▶ [Records shown]:
##########
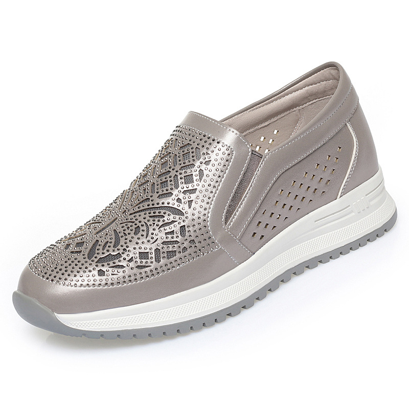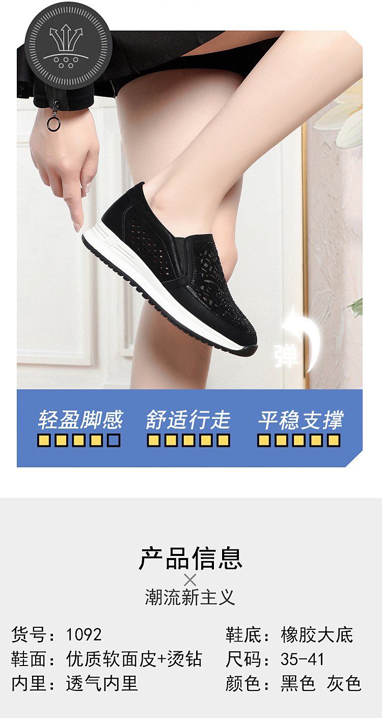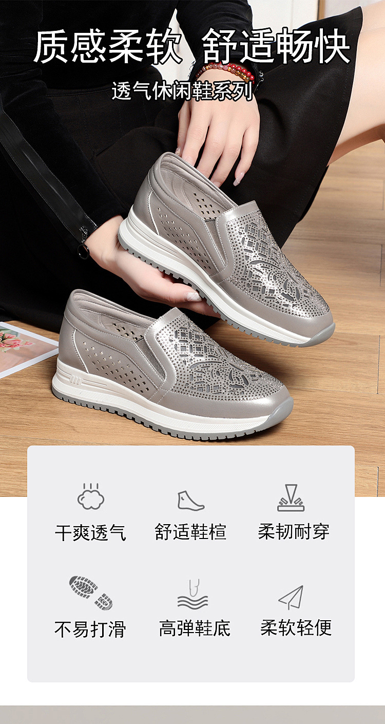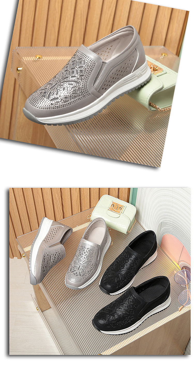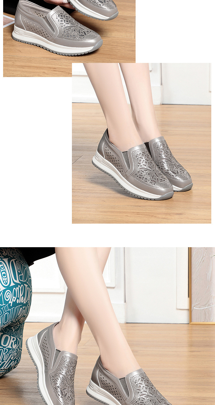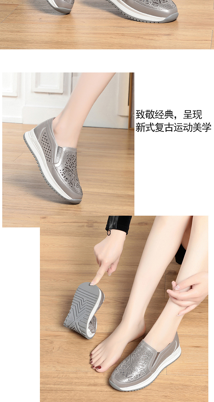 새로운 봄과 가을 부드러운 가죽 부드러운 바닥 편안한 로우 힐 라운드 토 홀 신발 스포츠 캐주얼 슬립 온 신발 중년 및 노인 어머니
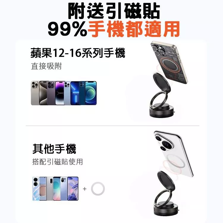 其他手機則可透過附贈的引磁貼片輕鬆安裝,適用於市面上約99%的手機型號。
##########
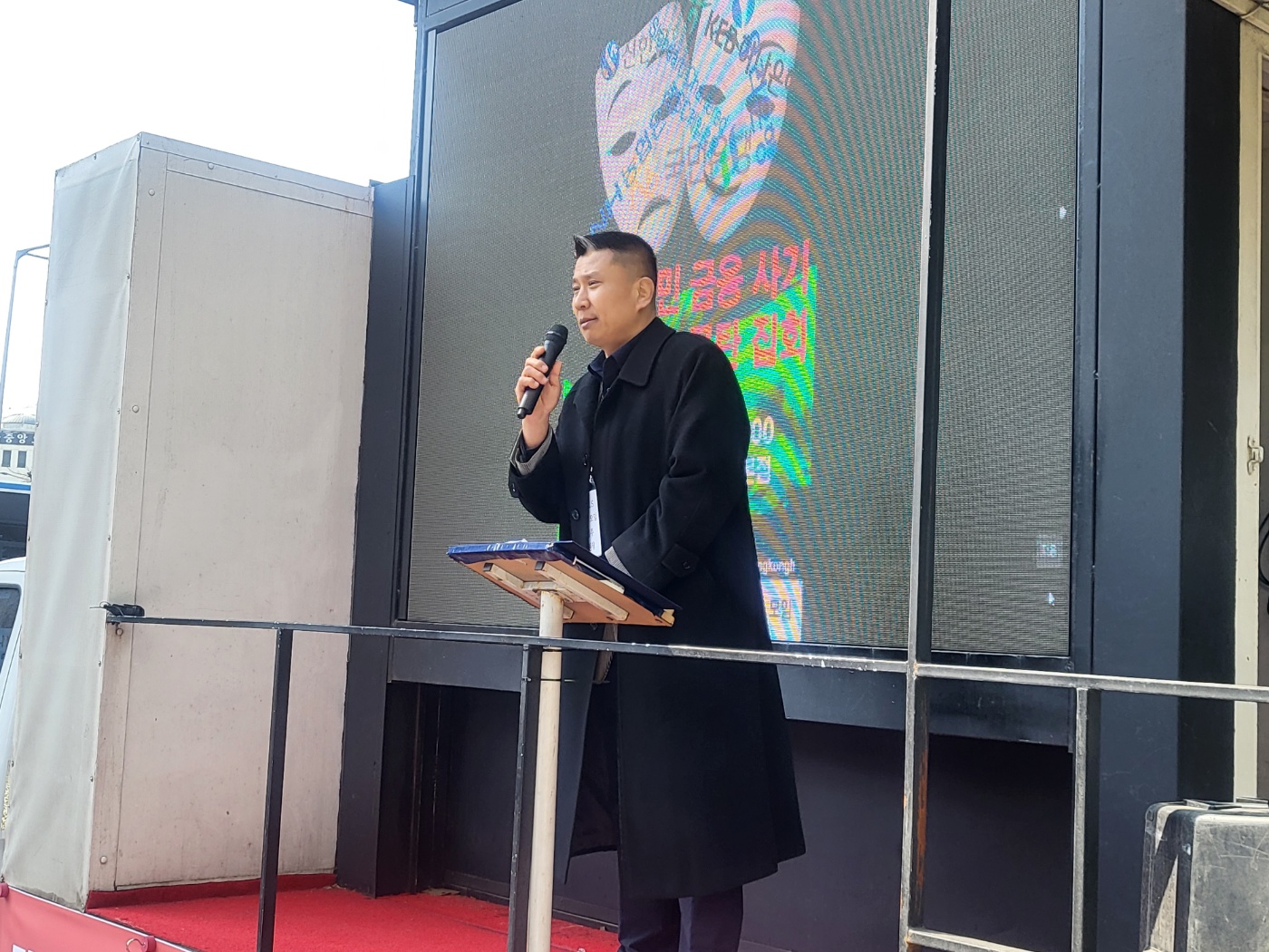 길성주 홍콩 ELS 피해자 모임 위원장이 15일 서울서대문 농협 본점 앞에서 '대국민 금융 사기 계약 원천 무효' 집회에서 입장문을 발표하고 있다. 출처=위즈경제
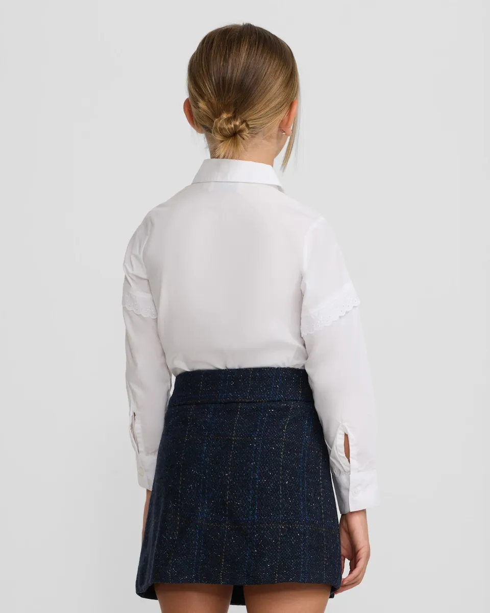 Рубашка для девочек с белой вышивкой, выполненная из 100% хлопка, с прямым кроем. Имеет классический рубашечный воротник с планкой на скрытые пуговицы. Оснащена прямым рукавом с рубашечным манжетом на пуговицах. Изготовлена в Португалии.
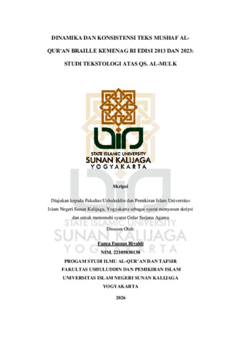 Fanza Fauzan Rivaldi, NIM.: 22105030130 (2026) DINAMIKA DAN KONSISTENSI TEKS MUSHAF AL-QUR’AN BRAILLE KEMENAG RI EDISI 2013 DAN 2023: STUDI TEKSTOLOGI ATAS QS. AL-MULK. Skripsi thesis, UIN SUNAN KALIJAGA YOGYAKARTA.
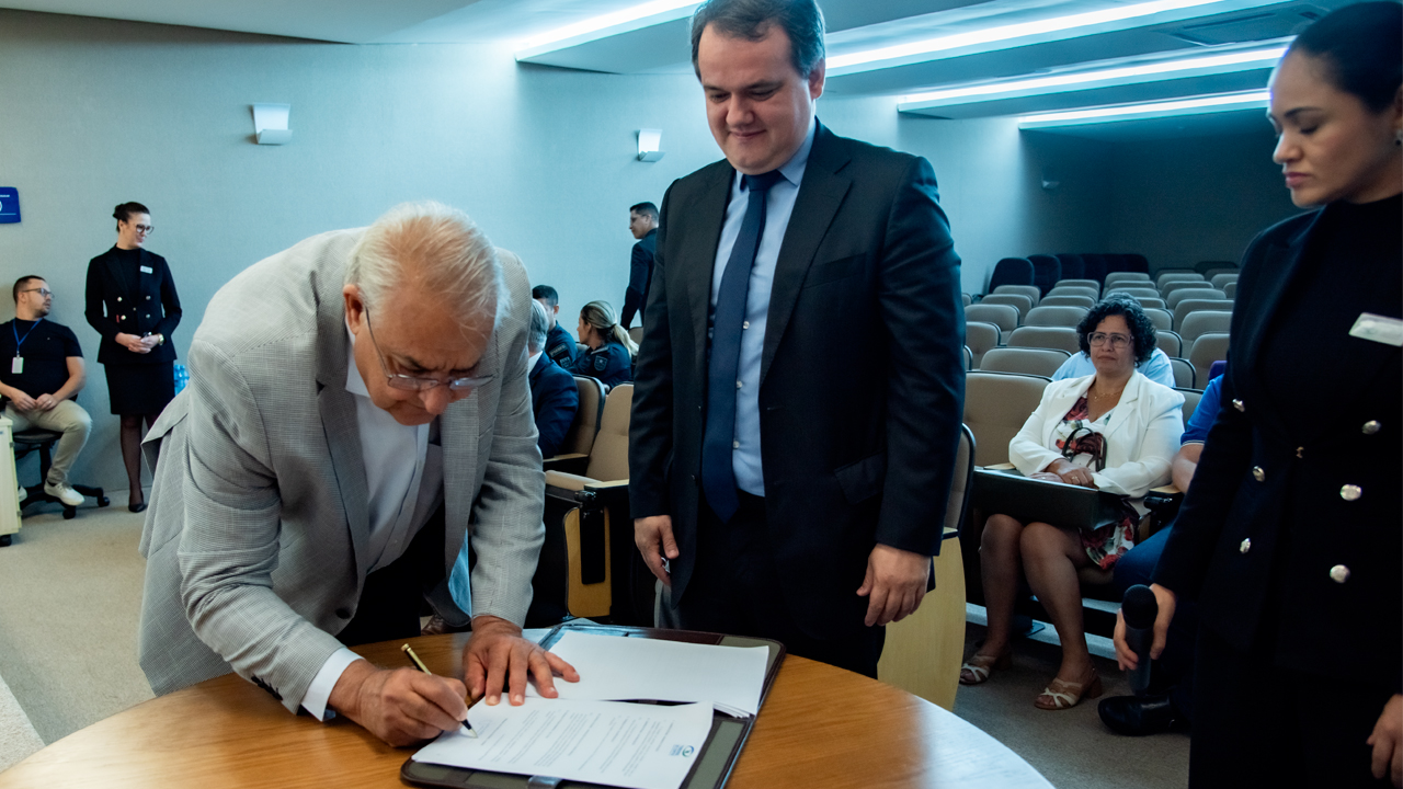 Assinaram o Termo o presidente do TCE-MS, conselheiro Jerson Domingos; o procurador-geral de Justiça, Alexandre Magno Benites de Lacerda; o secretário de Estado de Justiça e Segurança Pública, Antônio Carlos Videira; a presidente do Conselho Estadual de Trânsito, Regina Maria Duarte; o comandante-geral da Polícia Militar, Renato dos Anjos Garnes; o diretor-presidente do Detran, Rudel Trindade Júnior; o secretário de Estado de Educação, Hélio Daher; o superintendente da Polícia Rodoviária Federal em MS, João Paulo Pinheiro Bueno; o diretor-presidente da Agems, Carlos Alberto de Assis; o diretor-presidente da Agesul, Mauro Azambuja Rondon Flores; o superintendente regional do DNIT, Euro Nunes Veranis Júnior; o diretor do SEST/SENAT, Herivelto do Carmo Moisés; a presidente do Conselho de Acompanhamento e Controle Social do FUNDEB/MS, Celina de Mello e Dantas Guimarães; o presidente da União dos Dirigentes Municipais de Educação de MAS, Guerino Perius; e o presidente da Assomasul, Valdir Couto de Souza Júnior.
##########
▶ [Work request]:
Transcribe only the lines above that start at the line containing "새로운 봄과 가을 부드러운" and end at the line containing "其他手機則可透過附贈的引磁貼片輕鬆安裝,適用於市面上約99%的手機型號。". Omit pictures.

▶ [Response]:
 새로운 봄과 가을 부드러운 가죽 부드러운 바닥 편안한 로우 힐 라운드 토 홀 신발 스포츠 캐주얼 슬립 온 신발 중년 및 노인 어머니
 其他手機則可透過附贈的引磁貼片輕鬆安裝,適用於市面上約99%的手機型號。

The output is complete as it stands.